Autore: Redazione
23/06/2017

I video non sono tutti uguali: quali sono le differenze tra contenuti online e tv? Se n'è discusso ai Cannes Lions 2017

Attraverso diversi elementi è possibile mantenere elevata la concentrazione dell’utente quando guarda un filmato da mobile, in modo da condurlo a completare la view. La distribuzione è un altro fattore da tenere a mente

I video non sono tutti uguali: quali sono le differenze tra contenuti online e tv? Se n'è discusso ai Cannes Lions 2017

dal nostro inviato a CANNES, Francesco Lattanzio

Content is the king è un mantra che non accenna a tramontare, ma il trono su cui questo re si siede sta cambiando. Il consumo dei video televisivi avviene per il 41% da mobile, un device che necessita di una produzione ad hoc perché le dinamiche di utilizzo e le modalità di fruizione sono molto diverse dal piccolo schermo. La diffusione dello stesso filmato sui diversi media può avere effetti molto diversi e quindi i produttori devono utilizzare approcci diversi quando pensano al concept e al suo sviluppo.

Gli elementi del video: televisione vs. digital

La lunghezza è stata sempre indicata come un fattore differenziante tra i video online e quelli della tv lineare. Il fruitore medio dei primi spesso cerca contenuti corti e di rapida fruizione perché si trova in mobilità o perché ha poco tempo. Questo ha aspettative diverse dallo spettatore televisivo, e per soddisfarle ci si può avvalere dell’aiuto di elementi esterni allo storytelling utili a mantenere l’utente concentrato fino alla fine del contenuto. «I concept e i materiali che applichiamo alla costruzione di un video dipendono dalla piattaforma. Abbiamo declinato alcune serie create per il digitale anche in tv, ma ci siamo resi conto che non sono molto adatte. Utilizziamo un approccio specifico per ogni piattaforma, ovvero quando ci troviamo a sviluppare un contenuto partiamo dalle caratteristiche della destinazione dove verrà diffuso. Un filmato creato per YouTube non è uguale a uno che utilizzeremo su Facebook», spiega Dawn Ostroff, presidente di Condé Nast Entertainment, in una conferenza nel Palais dove si stanno assegnando i Cannes Lions. «In un video digitale non bisogna solo pensare alla storia da raccontare, ma anche a elementi capaci di catturare l’attenzione dell’utente minuto dopo minuto.

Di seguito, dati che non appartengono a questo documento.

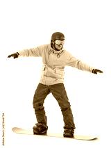 Snowboarder kipping the balance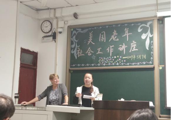 为了让更多的本土学生能够不出国门也能享受到优质的国际教育,从而培养服务于区域经济社会发展的具有国际视野和国际思维的本土化人才,5月9日晚上,在中美应用技术学院的大力支持下,美国资深的老年社会工作者——Pat教授为宜宾学院社会工作专业的全体学生作了关于美国老年社会工作的专题讲座。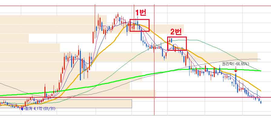 - 20일선 이동평균선 아래로 내리면 매도한다.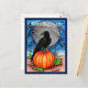 Tableau original de Sandra Gale d'un grand corbeau noir, perché sur un citrouille sous la pleine lune la nuit. Grand design pour les enfants et les adultes et une façon amusante de célébrer un Halloween éffrayant et effrayant!
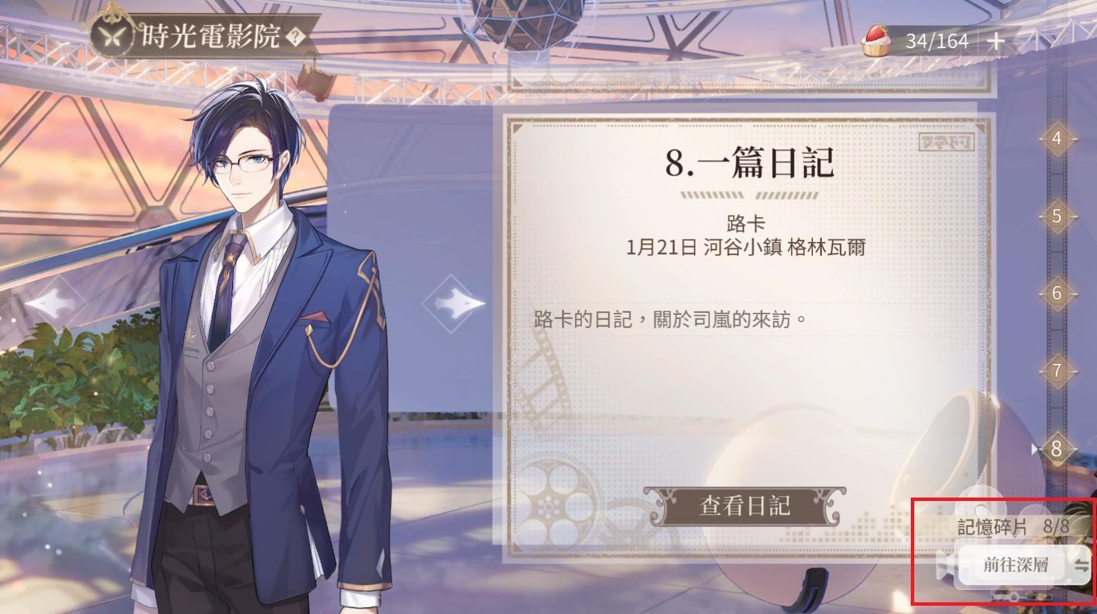 不過新手必須要過到第三個主線──現代篇,才會有時光電影院可以打,而且時光電影院還得先在淺層集滿8個記憶碎片才可以前往深層

Il pubblico televisivo è mediamente più vecchio di quello digitale, e per arrivare a quest’ultimo servono modi di girare e di fare storytelling particolari», continua Ostroff. «I giovani hanno più coraggio nel provare e nell’utilizzare tecnologie nuove», aggiunge Russell Simmons, storico fondatore della Def Jam e di All Def Digital, che tra le altre cose produce contenuti per YouTube Red.

La distribuzione

La differenza sta negli elementi con cui costruire i contenuti, ma anche nella distribuzione. Se la televisione raggiunge audience molto vaste, imponendo, nonostante l’esistenza dei canali tematici, una produzione a largo raggio, il digitale ha un’efficacia maggiore quando l’argomento viene diffuso nella piattaforma più adatta. «La distribuzione è la chiave. I network digitali sono allo stesso tempo stretti ed enormi: sono specifici, legati a un tema, ma non vogliono parlare a tutti. Si rivolgono invece a tutti gli interessati. Nonostante questo, i contenuti di qualità raggiungono audience molto vaste. Scegliere i canali giusti diventa quindi fondamentale», afferma Simmons. «I contenuti e le piattaforme che li ospitano devono essere sulla stessa lunghezza d’onda», conferma Ostroff.

Il fattore “rischio”

L’ambiente digitale ha una terza caratteristica che lo differenzia rispetto alla tv: il continuo cambiamento. «Tre mesi del mondo digitale corrispondono a due anni in quello tradizionale. I cambiamenti che avvengono in questo lasso di tempo sono così tanti da obbligare i produttori di contenuti a prendere dei rischi. Le informazioni sui viewer arrivano nell’immediato, e questo ci mette di fronte a un modo completamente nuovo di vedere i consumatori», dice Ostroff. La cartina tornasole per capire se il rischio è valso la candela sono i feedback. «Nel digital ci vuole un minuto per diventare virali, ed è con i feedback che si capisce se si è presa la giusta strada. Anche se l’audience non è subito enorme, da questi si può avere un’idea sul futuro successo del proprio contenuto. Bisogna prendere una strada e continuare a seguirla». È convinto Van Toffler, ceo e co-founder di Gunpowder & Sky.